=== TASK OBJECTIVE ===
Exclude every picture. Output verbatim the lines from the one containing "Le blanc enveloppe" to the end of the data.

───── DATASET EXCERPT

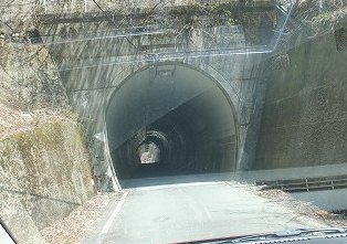 (左:見ノ越トンネル 右:1年半の通行止めは解除されたが、路面は荒れているので慎重に下ります)
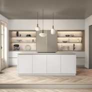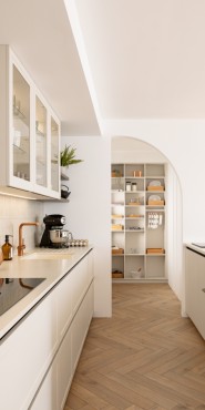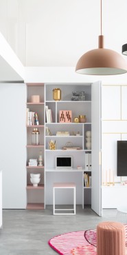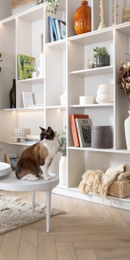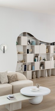 Le blanc enveloppe les espaces d’une lumière apaisante, tandis que les lignes courbes, les matières naturelles et les volumes maîtrisés créent une atmosphère chaleureuse et sereine. Bibliothèques aériennes, dressings intégrés et meubles multifonctions structurent l’espace sans jamais l’alourdir.
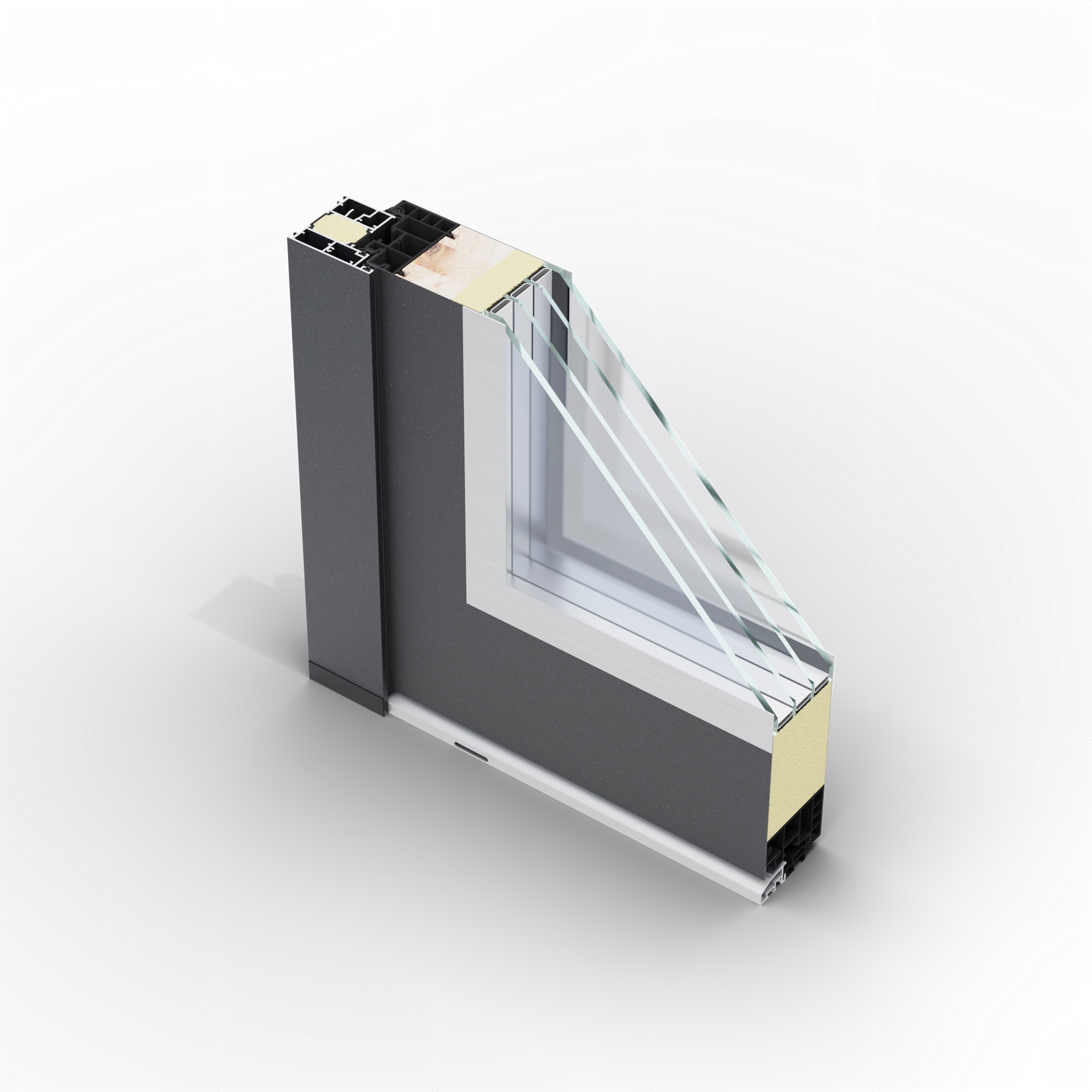 1 - wzmocnienie drewniane pod zawias 2 - grubość skrzydła 82 mm 3 - pakiet 4 szybowy z ciepłymi ramkami dystansowymi 4 - ościeżnica symetryczna aluminiowa 70 mm, grubość ścianki profilu 1.5 mm + powłoka folia PVC odporna na promieniowanie UV i warunki atmosferyczne 5 - 2 uszczelki w ramie 6 - 1 uszczelka w skrzydle

──────────

=== EXERCISE RESULT ===
 Le blanc enveloppe les espaces d’une lumière apaisante, tandis que les lignes courbes, les matières naturelles et les volumes maîtrisés créent une atmosphère chaleureuse et sereine. Bibliothèques aériennes, dressings intégrés et meubles multifonctions structurent l’espace sans jamais l’alourdir.
 1 - wzmocnienie drewniane pod zawias 2 - grubość skrzydła 82 mm 3 - pakiet 4 szybowy z ciepłymi ramkami dystansowymi 4 - ościeżnica symetryczna aluminiowa 70 mm, grubość ścianki profilu 1.5 mm + powłoka folia PVC odporna na promieniowanie UV i warunki atmosferyczne 5 - 2 uszczelki w ramie 6 - 1 uszczelka w skrzydle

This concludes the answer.